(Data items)
↓

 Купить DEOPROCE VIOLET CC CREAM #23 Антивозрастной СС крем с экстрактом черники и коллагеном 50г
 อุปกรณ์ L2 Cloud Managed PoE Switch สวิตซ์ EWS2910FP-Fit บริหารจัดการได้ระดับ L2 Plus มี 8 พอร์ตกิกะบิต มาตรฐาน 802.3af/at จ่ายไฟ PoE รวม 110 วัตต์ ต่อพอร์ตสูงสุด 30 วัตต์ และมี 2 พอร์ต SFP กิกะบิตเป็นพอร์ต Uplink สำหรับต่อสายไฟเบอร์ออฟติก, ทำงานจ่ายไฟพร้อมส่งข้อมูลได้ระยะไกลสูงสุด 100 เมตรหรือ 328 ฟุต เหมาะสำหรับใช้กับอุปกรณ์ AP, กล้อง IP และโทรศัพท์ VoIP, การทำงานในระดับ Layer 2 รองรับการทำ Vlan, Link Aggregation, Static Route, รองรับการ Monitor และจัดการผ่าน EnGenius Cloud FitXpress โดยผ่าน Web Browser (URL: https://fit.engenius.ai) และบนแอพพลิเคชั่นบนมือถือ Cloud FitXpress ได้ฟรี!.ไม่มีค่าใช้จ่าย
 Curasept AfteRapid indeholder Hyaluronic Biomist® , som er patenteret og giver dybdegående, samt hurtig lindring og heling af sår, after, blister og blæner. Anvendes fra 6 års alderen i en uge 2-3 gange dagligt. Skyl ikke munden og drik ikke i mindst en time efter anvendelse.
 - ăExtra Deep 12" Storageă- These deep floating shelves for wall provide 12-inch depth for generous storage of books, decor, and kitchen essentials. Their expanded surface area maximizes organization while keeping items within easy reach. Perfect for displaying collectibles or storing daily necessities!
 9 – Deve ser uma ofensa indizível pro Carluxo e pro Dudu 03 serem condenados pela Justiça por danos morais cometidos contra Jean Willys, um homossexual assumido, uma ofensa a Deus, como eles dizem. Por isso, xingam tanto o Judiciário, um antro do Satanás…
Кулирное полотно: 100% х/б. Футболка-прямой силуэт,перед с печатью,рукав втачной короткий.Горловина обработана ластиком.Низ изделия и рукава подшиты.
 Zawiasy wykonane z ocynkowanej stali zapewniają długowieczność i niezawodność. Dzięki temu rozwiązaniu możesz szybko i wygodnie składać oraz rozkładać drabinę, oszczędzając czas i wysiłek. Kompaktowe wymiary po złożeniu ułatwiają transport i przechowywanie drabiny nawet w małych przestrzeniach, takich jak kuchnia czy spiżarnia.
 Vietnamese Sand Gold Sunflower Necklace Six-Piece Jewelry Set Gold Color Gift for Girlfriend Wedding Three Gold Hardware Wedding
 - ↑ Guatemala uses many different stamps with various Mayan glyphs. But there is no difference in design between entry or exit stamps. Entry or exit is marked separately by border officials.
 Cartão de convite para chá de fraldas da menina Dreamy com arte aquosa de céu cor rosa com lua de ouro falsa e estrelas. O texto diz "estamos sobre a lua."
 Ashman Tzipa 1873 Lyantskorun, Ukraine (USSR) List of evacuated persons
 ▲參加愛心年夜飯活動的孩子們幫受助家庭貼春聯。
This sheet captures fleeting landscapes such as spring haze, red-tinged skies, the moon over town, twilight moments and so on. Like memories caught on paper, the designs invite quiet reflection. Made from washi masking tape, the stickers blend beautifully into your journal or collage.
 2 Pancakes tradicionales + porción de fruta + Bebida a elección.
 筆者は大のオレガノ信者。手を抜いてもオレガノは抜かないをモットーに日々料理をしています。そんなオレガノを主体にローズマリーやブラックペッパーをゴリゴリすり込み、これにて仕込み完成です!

↑

_What the task requires_
The entries shown above must be reproduced in full, exactly as written.

_Result_
 Купить DEOPROCE VIOLET CC CREAM #23 Антивозрастной СС крем с экстрактом черники и коллагеном 50г
 อุปกรณ์ L2 Cloud Managed PoE Switch สวิตซ์ EWS2910FP-Fit บริหารจัดการได้ระดับ L2 Plus มี 8 พอร์ตกิกะบิต มาตรฐาน 802.3af/at จ่ายไฟ PoE รวม 110 วัตต์ ต่อพอร์ตสูงสุด 30 วัตต์ และมี 2 พอร์ต SFP กิกะบิตเป็นพอร์ต Uplink สำหรับต่อสายไฟเบอร์ออฟติก, ทำงานจ่ายไฟพร้อมส่งข้อมูลได้ระยะไกลสูงสุด 100 เมตรหรือ 328 ฟุต เหมาะสำหรับใช้กับอุปกรณ์ AP, กล้อง IP และโทรศัพท์ VoIP, การทำงานในระดับ Layer 2 รองรับการทำ Vlan, Link Aggregation, Static Route, รองรับการ Monitor และจัดการผ่าน EnGenius Cloud FitXpress โดยผ่าน Web Browser (URL: https://fit.engenius.ai) และบนแอพพลิเคชั่นบนมือถือ Cloud FitXpress ได้ฟรี!.ไม่มีค่าใช้จ่าย
 Curasept AfteRapid indeholder Hyaluronic Biomist® , som er patenteret og giver dybdegående, samt hurtig lindring og heling af sår, after, blister og blæner. Anvendes fra 6 års alderen i en uge 2-3 gange dagligt. Skyl ikke munden og drik ikke i mindst en time efter anvendelse.
 - ăExtra Deep 12" Storageă- These deep floating shelves for wall provide 12-inch depth for generous storage of books, decor, and kitchen essentials. Their expanded surface area maximizes organization while keeping items within easy reach. Perfect for displaying collectibles or storing daily necessities!
 9 – Deve ser uma ofensa indizível pro Carluxo e pro Dudu 03 serem condenados pela Justiça por danos morais cometidos contra Jean Willys, um homossexual assumido, uma ofensa a Deus, como eles dizem. Por isso, xingam tanto o Judiciário, um antro do Satanás…
Кулирное полотно: 100% х/б. Футболка-прямой силуэт,перед с печатью,рукав втачной короткий.Горловина обработана ластиком.Низ изделия и рукава подшиты.
 Zawiasy wykonane z ocynkowanej stali zapewniają długowieczność i niezawodność. Dzięki temu rozwiązaniu możesz szybko i wygodnie składać oraz rozkładać drabinę, oszczędzając czas i wysiłek. Kompaktowe wymiary po złożeniu ułatwiają transport i przechowywanie drabiny nawet w małych przestrzeniach, takich jak kuchnia czy spiżarnia.
 Vietnamese Sand Gold Sunflower Necklace Six-Piece Jewelry Set Gold Color Gift for Girlfriend Wedding Three Gold Hardware Wedding
 - ↑ Guatemala uses many different stamps with various Mayan glyphs. But there is no difference in design between entry or exit stamps. Entry or exit is marked separately by border officials.
 Cartão de convite para chá de fraldas da menina Dreamy com arte aquosa de céu cor rosa com lua de ouro falsa e estrelas. O texto diz "estamos sobre a lua."
 Ashman Tzipa 1873 Lyantskorun, Ukraine (USSR) List of evacuated persons
 ▲參加愛心年夜飯活動的孩子們幫受助家庭貼春聯。
This sheet captures fleeting landscapes such as spring haze, red-tinged skies, the moon over town, twilight moments and so on. Like memories caught on paper, the designs invite quiet reflection. Made from washi masking tape, the stickers blend beautifully into your journal or collage.
 2 Pancakes tradicionales + porción de fruta + Bebida a elección.
 筆者は大のオレガノ信者。手を抜いてもオレガノは抜かないをモットーに日々料理をしています。そんなオレガノを主体にローズマリーやブラックペッパーをゴリゴリすり込み、これにて仕込み完成です!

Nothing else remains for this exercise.